The Critical Care Surgeon



The Critical Care Surgeon





While the designation of a specialized hospital site for immediate postoperative care dates back to the early 1940s, the creation of surgical intensive care units with a capacity for days of monitoring and management did not emerge until about two decades later. Prompted by the poliomyelitis epidemic of the 1940s, the demand for effective mechanical ventilation resulted in positive pressure ventilators, which became more widely utilized in these new intensive care settings.

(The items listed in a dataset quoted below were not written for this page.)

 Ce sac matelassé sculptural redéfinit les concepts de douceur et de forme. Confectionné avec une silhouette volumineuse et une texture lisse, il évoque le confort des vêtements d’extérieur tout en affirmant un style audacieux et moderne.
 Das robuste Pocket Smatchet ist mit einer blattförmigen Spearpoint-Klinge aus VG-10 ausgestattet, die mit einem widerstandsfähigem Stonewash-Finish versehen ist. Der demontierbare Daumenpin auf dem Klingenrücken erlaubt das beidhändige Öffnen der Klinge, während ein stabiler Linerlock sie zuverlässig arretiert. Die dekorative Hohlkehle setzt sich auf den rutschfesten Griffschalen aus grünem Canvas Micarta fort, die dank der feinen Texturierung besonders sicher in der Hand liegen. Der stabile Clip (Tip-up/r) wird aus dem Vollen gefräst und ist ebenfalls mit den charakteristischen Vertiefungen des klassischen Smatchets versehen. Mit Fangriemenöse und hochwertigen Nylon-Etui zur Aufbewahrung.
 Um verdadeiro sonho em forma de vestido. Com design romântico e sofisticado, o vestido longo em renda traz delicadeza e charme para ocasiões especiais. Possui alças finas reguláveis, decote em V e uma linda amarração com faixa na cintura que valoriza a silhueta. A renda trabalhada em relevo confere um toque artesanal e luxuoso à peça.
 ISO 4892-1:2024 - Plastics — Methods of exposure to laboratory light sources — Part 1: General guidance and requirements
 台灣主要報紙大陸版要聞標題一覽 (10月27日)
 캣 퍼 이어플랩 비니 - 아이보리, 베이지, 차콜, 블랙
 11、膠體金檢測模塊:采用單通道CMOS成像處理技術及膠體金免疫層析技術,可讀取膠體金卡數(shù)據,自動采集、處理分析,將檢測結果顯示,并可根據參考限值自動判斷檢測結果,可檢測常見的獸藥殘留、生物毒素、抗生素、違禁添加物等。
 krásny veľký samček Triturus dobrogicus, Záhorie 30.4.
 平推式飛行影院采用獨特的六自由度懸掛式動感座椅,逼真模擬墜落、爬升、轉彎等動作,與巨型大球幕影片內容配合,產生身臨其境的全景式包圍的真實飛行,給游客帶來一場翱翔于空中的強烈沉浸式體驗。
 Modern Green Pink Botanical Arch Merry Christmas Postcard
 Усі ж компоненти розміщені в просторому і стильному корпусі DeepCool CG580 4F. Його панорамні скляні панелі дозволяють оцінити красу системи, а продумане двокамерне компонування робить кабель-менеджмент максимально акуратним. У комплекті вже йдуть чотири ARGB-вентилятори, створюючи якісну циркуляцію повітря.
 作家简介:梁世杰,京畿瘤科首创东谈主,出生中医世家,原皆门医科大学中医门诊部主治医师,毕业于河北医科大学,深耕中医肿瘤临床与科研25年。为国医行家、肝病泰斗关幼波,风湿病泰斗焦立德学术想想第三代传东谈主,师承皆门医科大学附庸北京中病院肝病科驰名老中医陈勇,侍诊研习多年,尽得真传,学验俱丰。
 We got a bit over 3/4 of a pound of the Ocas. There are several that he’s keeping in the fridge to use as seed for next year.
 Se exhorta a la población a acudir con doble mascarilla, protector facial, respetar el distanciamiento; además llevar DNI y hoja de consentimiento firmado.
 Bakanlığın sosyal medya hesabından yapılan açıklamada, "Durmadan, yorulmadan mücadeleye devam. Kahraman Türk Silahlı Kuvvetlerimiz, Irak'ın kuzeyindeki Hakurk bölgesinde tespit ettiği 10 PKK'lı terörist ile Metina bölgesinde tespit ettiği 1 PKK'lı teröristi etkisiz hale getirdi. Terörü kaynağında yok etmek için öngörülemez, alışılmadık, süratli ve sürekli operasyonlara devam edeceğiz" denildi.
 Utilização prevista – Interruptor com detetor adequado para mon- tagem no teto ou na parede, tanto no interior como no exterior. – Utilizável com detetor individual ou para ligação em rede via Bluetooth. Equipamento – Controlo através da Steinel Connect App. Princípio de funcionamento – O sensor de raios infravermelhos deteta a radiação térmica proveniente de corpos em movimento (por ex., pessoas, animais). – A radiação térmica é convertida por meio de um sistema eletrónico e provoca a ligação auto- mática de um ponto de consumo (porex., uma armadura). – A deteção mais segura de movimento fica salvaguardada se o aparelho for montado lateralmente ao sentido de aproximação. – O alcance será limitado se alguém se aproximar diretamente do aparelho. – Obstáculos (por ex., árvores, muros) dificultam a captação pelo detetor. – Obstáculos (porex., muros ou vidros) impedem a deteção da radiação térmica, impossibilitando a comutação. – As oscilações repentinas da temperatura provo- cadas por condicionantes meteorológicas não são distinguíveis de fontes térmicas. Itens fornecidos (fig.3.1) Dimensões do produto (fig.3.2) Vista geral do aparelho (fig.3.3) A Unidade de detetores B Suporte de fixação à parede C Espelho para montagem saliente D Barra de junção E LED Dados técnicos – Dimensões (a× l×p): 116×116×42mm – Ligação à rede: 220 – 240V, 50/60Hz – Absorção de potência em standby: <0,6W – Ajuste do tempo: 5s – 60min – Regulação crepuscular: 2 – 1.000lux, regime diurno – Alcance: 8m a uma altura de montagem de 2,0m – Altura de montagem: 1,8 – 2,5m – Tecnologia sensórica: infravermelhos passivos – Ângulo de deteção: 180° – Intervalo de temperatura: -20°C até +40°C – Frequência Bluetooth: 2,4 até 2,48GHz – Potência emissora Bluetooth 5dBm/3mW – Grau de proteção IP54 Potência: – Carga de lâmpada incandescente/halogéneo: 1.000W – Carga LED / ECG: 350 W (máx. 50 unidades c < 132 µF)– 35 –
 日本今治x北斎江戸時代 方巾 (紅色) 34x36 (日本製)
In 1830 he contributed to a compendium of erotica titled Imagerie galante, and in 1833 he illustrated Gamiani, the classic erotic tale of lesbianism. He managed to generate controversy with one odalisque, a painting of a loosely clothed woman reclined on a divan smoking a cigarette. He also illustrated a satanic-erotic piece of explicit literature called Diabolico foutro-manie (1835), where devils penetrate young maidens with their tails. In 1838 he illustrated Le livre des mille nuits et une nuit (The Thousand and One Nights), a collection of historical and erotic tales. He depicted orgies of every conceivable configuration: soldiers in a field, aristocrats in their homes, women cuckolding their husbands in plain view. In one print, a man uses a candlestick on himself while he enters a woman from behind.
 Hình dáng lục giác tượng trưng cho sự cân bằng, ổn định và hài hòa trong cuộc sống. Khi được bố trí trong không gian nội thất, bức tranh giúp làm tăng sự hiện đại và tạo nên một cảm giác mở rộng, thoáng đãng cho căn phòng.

Over the ensuing decades, the initial primacy of airway and breathing support has been equaled by the implementation of monitoring and manipulation of the circulation. This has been accompanied by improvements such as better use of blood products, renal replacement therapy, transplant surgery, emergency cardiac interventions, novel anesthetic agents, new antibiotics, etc (1).

These advancements have prolonged and saved the lives of patients with surgical critical illness, resulting in not only these better outcomes, but also a monumental effort at clinical and experimental investigation to elucidate the fundamental pathophysiology of these disorders and principles of management.

Since the beginning of critical care concepts, surgeons have been actively engaged in patient care, education, leadership, and scholarly pursuits linked to surgical critical illness. By 1987, the American Board of Surgery recognized that surgeons with a special interest and expertise in surgical critical illness should be acknowledged with subspecialty board certification.

Since the 1980s, subspecialization within the context of general surgery has become more prevalent with and without subspecialty board certification, especially in academic medical centers (2). Vascular surgery, surgical oncology, colorectal surgery, and minimally invasive surgery, for instance, have become common arenas of expertise with little or no regular exposure to patients with surgical critical illness.

In contrast, trauma surgery, another common practice of special interest, has maintained an active surgical critical care component with fellowship trainees expected to attain surgical critical care board certification. This special qualification of the trauma surgeon combined with infrequent exposure of other general surgery specialties to surgical critical illness has been a principle underpinning to the creation of yet another specialty—the acute care surgeon.


THE ACUTE CARE SURGEON

The acute care surgeon combines the interests and expertise of the trauma surgeon, the critical care surgeon, and the general surgeon who attends “time-sensitive” surgical conditions. The expectation that many sociological, training, and practice preference features will demand an increasing workforce of acute care surgeons has resulted in the plan for fellowship training in the specialty of acute care surgery (2, 3, 4). Training in surgical critical care is a fundamental component of this new training paradigm, and this manual is designed to assist that training, especially from the perspective that surgical critical illness is, indeed, a surgical condition best understood and manipulated by surgeons.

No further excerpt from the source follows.